La malnutrición se asocia con inmunodeficiencia. La vulnerabilidad de los pacientes inmunodeprimidos a los microorganismos patógenos de los alimentos hace que la seguridad respecto a la calidad higiénica de éstos resulte primordial.

Aspectos prácticos de la elaboración de dietas

El zumo de naranja estimula el apetito, también un consomé o caldo de carne. Por ello es aconsejable no endulzar el zumo si se toma antes de la comida (unos 10-15 min antes). Se presenta como un aperitivo, en cantidad reducida, en un vaso pequeño o media taza si es de caldo o consomé.

La leche (o bebidas que la contengan) se toma sola o de postre, no como entrante, ni aperitivo.

La ingesta debe realizarse aun sin apetito (excepto contraindicación).

Es importante variar al máximo los alimentos para evitar la monotonía.

Conviene comprar los productos de temporada porque son mejores y más baratos.

Algunas personas prefieren ver los alimentos antes de que se trituren, o que se presenten por separado el primero y el segundo plato.

Las materias grasas se han de añadir a los triturados y purés si los ingredientes no las contienen. Condimentar los alimentos durante su preparación los hará más sabrosos.

El momento de la ingesta es ante todo un acto de relación. Es importante procurar que los alimentos sean vehículo de salud y que su degustación se realice dentro de un marco de armonía.

Los tarritos de alimentación infantil pueden utilizarse como recurso para evitar preparar alguna toma, pero no constituyen las preparaciones más idóneas para la alimentación habitual de los adultos.

Cómo actuar ante los síntomas

Alteraciones del gusto. La alteración de la sensibilidad a determinados sabores puede conducir a un aumento o rechazo del consumo de algunos alimentos3; por ejemplo, algunos ancianos ante la escasa percepción del sabor salado exageran el consumo de sal y éste puede agravar su patología de base (insuficiencia cardíaca, cirrosis, etc.).
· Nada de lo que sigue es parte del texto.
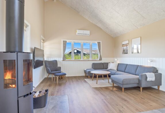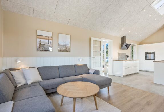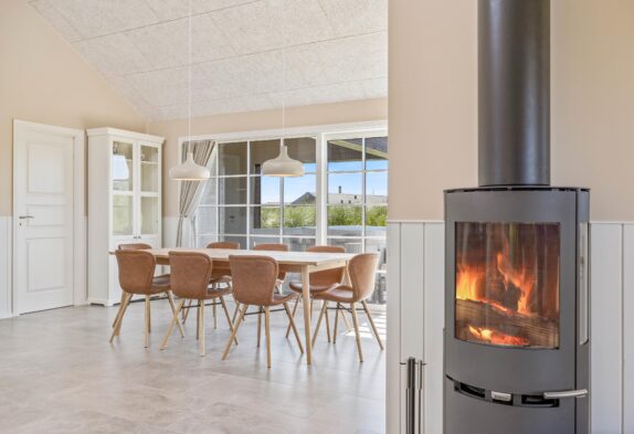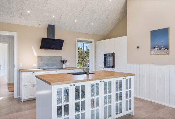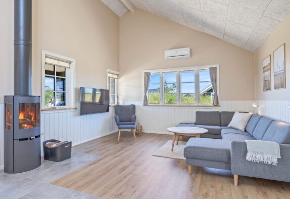 Køkkenet er stort og åbent med loft til kip og masser af lys. Op til feriehusets rummelige køkkenalrum finder I ”hyggekrogen” – stuen, der med den bløde sofagruppe, brændeovnen der knitrer, samt det fine trægulv er med til at skabe den helt rigtige sommerhusstemning.
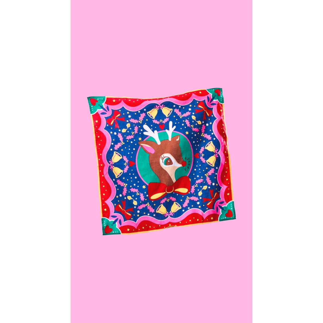 Designed by Charlotte Norman from the Lush Talent Pool, who wanted to create something eye-catching and bold, full of colour, pzazz and joy. “The symmetrical, mandala style design was inspired by the cheerful Polish folk art which adorned the walls of my grandparents’ house when I was a child. The beautiful retro deer steals the show, reminding us of all things Christmas past.”

En estas situaciones se debería potenciar la condimentación (especias, ajo, hierbas aromáticas, etc.) y las técnicas culinarias o combinaciones de alimentos (sofritos, marinados, escabeche, etc.) para incrementar el sabor sin aumentar el aporte de cloruro sódico.

Dolor al tragar. La disfagia a sólidos se puede aliviar licuando los alimentos. Algunos, como los frutos secos, requieren el uso del mortero, luego mezclarlos con un líquido en la batidora eléctrica y, finalmente, pasar la preparación por el chino para eliminar los restos sólidos.

La disfagia a líquidos mejora con el uso de espesantes como la gelatina, el almidón, la harina de maíz, la patata o el huevo batido, que, mezclados con líquidos y con la preparación adecuada, dan texturas como flanes, purés, cremas, pudines, etc., permitiendo la hidratación oral del paciente y la inclusión de alimentos líquidos en la dieta.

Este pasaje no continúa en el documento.